Пошёл к дому и Матвеич, пощипывая бороду и судорожно соображая, как же быть. Всем велено явиться! Известное дело! Им всех в свои грязные дела впутать надо. Миром усадьбы жечь… Миром церковь разорять… Всё не они, не власти. А сам народ! Ну, да пусть другие, как хотят, а он, Игнат, к безбожному делу руки не приложит. Но как же вывернуться? Ведь придут в дом и прикажут. А за отказ… Вместе с попом Димитрием в холодную поедешь. А оттуда, из тифозного барака, мало кто вертается. А с детками что станется тогда? И с Катей?

В раздумьях добрёл Матвеич до дома и сперва зашёл в сарай за инструментом, вспомнив, что давненько собирался починить переставшую закрываться сенную дверь. Покопавшись маленько в полумраке, Игнат нечаянно задел грабли, гулко свалившиеся на пол. Нагнулся было поднять, но остановился, поскрёб задумчиво макушку, озираясь по сторонам – нет ли кого поблизости. Глянул ещё раз на острые зубцы. Затем – с сожалением – на собственную ногу, сразу покрасневшую, едва он стянул с неё ещё более жалеемый валенок. Эх, была ни была! Помогай Господь своим!

– Батюшки, искалечился! – ахнула Катя, когда он, блажа сквозь зубы и оставляя кровавый след, с трудом влез на крыльцо.

– Не кричи ты, баба! Дай полотенце какое да воды – замотать…

Засуетилась Катя, забегала. Шикнула на высунувшуюся дочурку. Через несколько минут уже принесла мужу в комнату всё необходимое. И ведь вот же не проведёшь глазастую! Как ни всполошилась, а проверила и угадала влёт:

– Что это ты, старый, босым по снегу гулял?

Игнат криво усмехнулся, заматывая больную ногу:

– А что? Говорят, для здоровья пользительно.

– Для здоровья – не знаю, а для валенок – гораздо, – согласилась Катя. – Ты почто себя калечить-то удумал?

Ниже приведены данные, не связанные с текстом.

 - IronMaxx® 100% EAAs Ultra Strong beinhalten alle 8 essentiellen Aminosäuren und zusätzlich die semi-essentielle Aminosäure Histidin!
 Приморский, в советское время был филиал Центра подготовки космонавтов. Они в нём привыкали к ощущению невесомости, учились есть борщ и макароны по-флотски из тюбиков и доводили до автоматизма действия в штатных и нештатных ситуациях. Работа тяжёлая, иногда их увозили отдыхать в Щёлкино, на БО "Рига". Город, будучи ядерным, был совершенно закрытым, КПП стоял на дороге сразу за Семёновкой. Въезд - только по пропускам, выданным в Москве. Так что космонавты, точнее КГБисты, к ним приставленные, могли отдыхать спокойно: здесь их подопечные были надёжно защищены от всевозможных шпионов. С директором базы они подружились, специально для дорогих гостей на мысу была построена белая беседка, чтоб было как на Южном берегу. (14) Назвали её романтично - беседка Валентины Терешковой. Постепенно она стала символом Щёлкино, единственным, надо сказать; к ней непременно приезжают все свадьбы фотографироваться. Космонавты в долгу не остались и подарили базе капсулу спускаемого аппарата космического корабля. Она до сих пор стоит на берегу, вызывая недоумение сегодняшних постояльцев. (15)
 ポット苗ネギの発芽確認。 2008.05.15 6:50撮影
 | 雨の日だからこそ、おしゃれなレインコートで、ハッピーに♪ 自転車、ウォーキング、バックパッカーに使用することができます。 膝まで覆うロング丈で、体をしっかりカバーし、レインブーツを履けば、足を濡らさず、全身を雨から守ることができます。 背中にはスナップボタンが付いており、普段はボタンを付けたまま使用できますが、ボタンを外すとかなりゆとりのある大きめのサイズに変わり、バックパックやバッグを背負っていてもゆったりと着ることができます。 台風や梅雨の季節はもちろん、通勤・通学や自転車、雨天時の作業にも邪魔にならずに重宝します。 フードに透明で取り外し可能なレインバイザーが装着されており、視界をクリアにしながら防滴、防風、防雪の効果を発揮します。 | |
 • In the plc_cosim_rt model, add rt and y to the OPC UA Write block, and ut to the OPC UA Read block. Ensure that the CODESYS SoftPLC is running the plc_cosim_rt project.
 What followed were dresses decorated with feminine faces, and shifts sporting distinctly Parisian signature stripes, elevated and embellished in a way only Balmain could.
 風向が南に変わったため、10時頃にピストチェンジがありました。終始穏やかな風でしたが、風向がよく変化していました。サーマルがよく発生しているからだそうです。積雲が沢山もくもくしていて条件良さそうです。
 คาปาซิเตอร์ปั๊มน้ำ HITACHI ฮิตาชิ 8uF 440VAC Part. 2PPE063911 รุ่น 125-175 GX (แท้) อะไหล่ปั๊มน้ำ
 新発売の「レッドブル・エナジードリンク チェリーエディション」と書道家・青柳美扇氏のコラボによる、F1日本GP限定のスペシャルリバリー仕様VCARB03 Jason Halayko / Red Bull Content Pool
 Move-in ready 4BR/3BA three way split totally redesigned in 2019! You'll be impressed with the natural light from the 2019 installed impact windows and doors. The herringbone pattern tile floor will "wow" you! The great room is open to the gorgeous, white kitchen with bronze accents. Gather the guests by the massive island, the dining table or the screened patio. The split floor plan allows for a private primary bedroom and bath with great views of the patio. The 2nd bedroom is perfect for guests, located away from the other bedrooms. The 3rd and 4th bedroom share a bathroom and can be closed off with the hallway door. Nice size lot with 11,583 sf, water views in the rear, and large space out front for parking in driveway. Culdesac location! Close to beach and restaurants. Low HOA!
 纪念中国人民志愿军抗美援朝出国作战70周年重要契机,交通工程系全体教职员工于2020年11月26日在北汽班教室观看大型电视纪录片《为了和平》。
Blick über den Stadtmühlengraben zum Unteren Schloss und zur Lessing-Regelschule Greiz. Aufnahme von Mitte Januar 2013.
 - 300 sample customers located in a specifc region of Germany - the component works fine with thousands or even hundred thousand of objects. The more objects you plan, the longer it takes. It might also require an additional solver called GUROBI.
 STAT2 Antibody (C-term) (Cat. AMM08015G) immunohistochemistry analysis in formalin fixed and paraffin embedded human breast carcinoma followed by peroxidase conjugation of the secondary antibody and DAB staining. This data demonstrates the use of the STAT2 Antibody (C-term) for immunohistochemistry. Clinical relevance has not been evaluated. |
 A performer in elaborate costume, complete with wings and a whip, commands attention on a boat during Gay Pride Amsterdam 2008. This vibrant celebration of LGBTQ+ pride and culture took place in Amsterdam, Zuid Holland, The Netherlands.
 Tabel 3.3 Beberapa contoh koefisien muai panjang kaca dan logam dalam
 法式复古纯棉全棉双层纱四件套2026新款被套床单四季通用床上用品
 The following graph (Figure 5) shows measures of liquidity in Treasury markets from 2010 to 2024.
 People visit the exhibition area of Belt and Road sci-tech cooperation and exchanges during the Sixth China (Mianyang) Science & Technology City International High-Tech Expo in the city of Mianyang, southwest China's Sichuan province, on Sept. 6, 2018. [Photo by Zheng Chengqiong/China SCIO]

– Чтобы чёрту напакостить, – снова усмехнулся Игнат, устраиваясь на лежанке.

– Нешто в ребре взыграл?

– Дура, – беззлобно махнул рукой Матвеич. – Ты плакат на сельсовете читала, аль нет?

– Да я и из дома не выходила нынче…

– То-то же. Церковь сегодня грабить будут, вона. А я в этом деле не участник. Слава Богу, и усадьбы покойного барина не тронул. Нет на мне греха. А уж такой тем паче брать не желаю. А обезноженного не погонят. Полежу, постенаю, побрежу.

– Умно ты это придумал, старый, – нахмурилась Катя. – А мне что делать прикажешь? Ты, значит, от греха себя обезопасил, а мне на Божий дом идтить?!

– Только не калечь себя, – предостерегающе поднял палец Игнат. – А то нас разгадают.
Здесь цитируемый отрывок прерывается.